◆ To do ◆
Give back every record below word for word, with the pictures omitted.

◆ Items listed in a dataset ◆
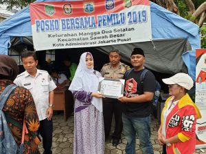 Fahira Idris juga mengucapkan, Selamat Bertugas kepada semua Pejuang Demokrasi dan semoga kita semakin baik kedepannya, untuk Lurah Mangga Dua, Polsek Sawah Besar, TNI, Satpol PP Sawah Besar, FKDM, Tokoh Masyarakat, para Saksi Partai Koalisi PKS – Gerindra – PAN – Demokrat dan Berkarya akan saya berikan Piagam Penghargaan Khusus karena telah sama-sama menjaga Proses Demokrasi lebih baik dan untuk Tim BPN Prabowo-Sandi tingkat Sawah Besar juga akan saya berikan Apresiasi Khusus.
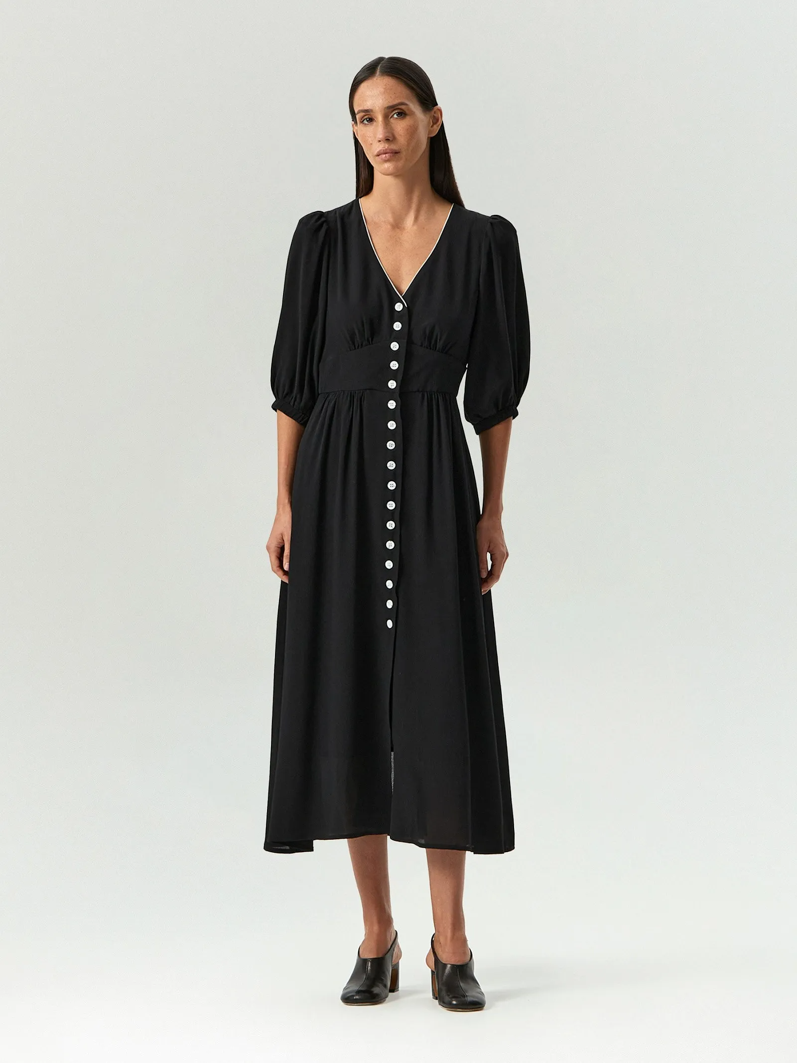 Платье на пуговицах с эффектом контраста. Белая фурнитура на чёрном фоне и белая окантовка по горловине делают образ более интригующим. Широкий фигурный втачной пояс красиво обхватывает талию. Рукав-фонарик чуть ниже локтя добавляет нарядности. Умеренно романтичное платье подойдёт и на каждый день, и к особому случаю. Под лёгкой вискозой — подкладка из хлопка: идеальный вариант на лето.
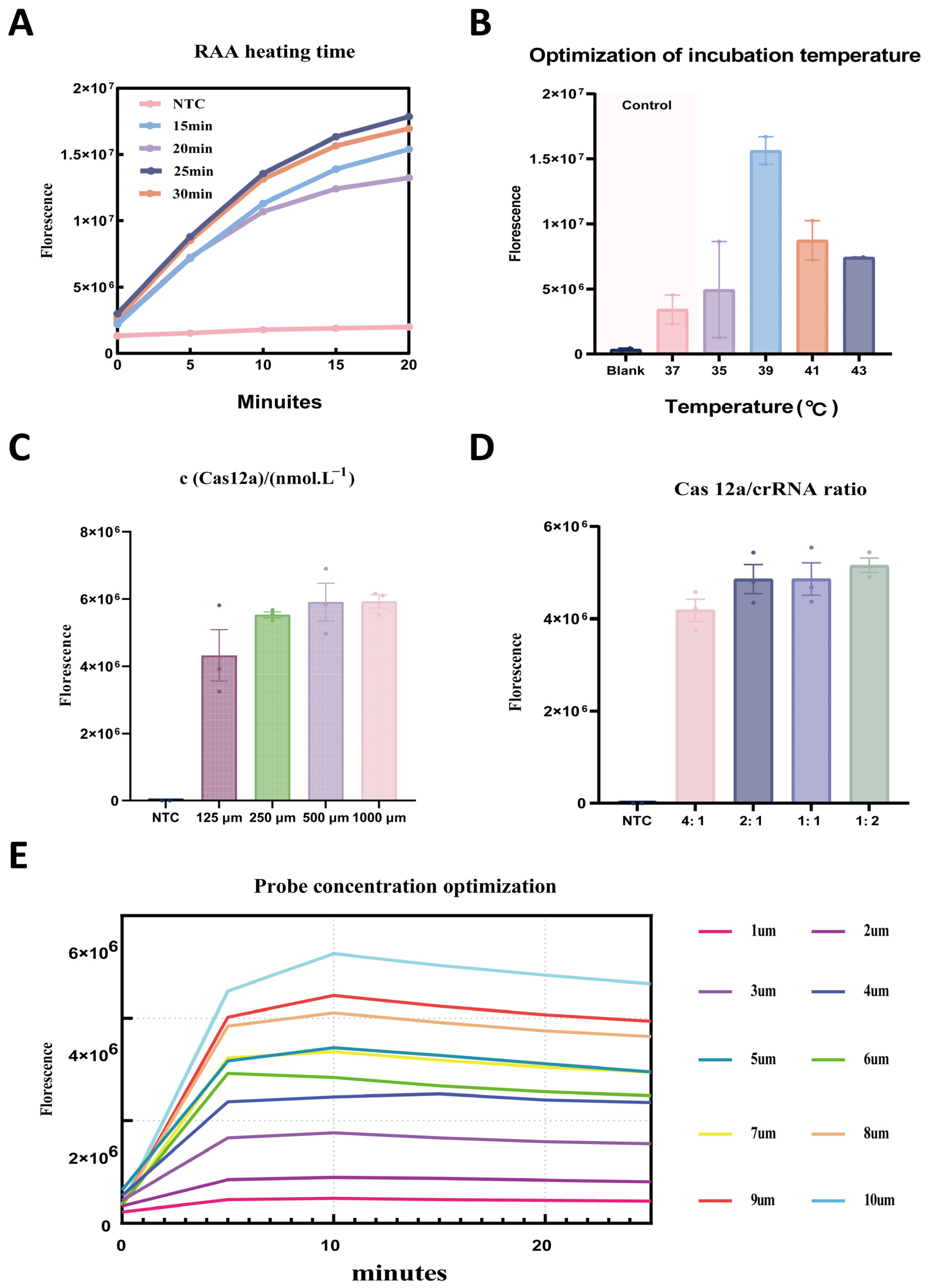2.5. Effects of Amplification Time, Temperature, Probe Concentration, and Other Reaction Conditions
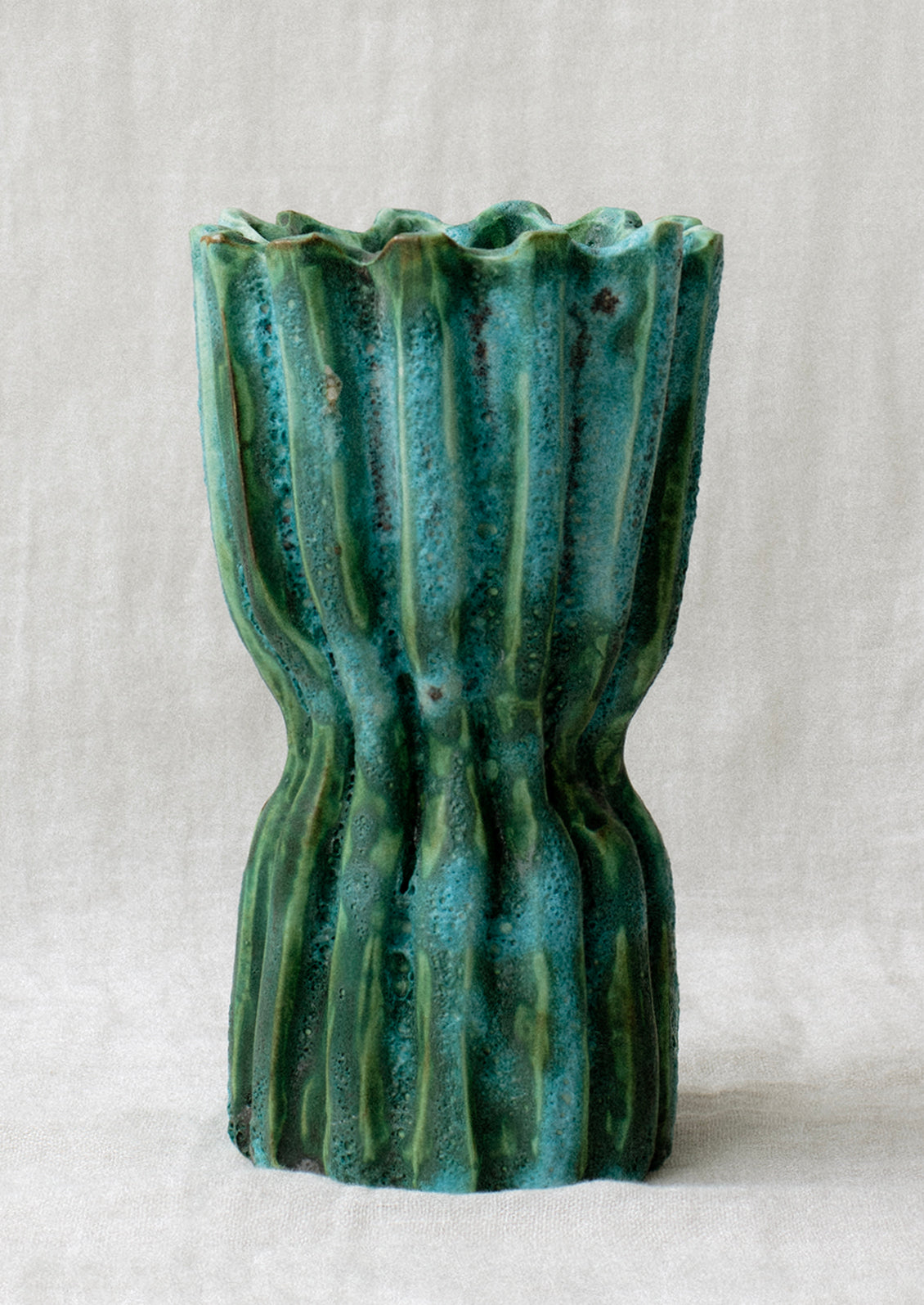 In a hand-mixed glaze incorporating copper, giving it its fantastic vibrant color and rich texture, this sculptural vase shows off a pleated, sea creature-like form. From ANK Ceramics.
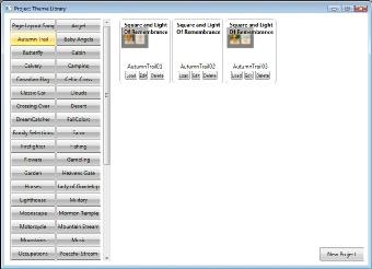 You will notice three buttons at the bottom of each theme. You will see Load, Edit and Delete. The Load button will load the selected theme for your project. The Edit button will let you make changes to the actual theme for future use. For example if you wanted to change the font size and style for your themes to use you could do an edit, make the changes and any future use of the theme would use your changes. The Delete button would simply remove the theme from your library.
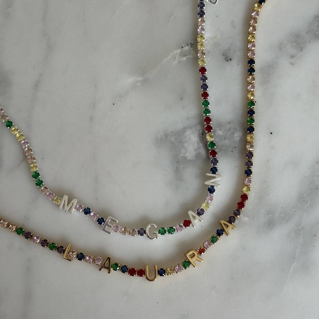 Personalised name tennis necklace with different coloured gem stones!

◆ Reply ◆
 Fahira Idris juga mengucapkan, Selamat Bertugas kepada semua Pejuang Demokrasi dan semoga kita semakin baik kedepannya, untuk Lurah Mangga Dua, Polsek Sawah Besar, TNI, Satpol PP Sawah Besar, FKDM, Tokoh Masyarakat, para Saksi Partai Koalisi PKS – Gerindra – PAN – Demokrat dan Berkarya akan saya berikan Piagam Penghargaan Khusus karena telah sama-sama menjaga Proses Demokrasi lebih baik dan untuk Tim BPN Prabowo-Sandi tingkat Sawah Besar juga akan saya berikan Apresiasi Khusus.
 Платье на пуговицах с эффектом контраста. Белая фурнитура на чёрном фоне и белая окантовка по горловине делают образ более интригующим. Широкий фигурный втачной пояс красиво обхватывает талию. Рукав-фонарик чуть ниже локтя добавляет нарядности. Умеренно романтичное платье подойдёт и на каждый день, и к особому случаю. Под лёгкой вискозой — подкладка из хлопка: идеальный вариант на лето.
2.5. Effects of Amplification Time, Temperature, Probe Concentration, and Other Reaction Conditions
 In a hand-mixed glaze incorporating copper, giving it its fantastic vibrant color and rich texture, this sculptural vase shows off a pleated, sea creature-like form. From ANK Ceramics.
 You will notice three buttons at the bottom of each theme. You will see Load, Edit and Delete. The Load button will load the selected theme for your project. The Edit button will let you make changes to the actual theme for future use. For example if you wanted to change the font size and style for your themes to use you could do an edit, make the changes and any future use of the theme would use your changes. The Delete button would simply remove the theme from your library.
 Personalised name tennis necklace with different coloured gem stones!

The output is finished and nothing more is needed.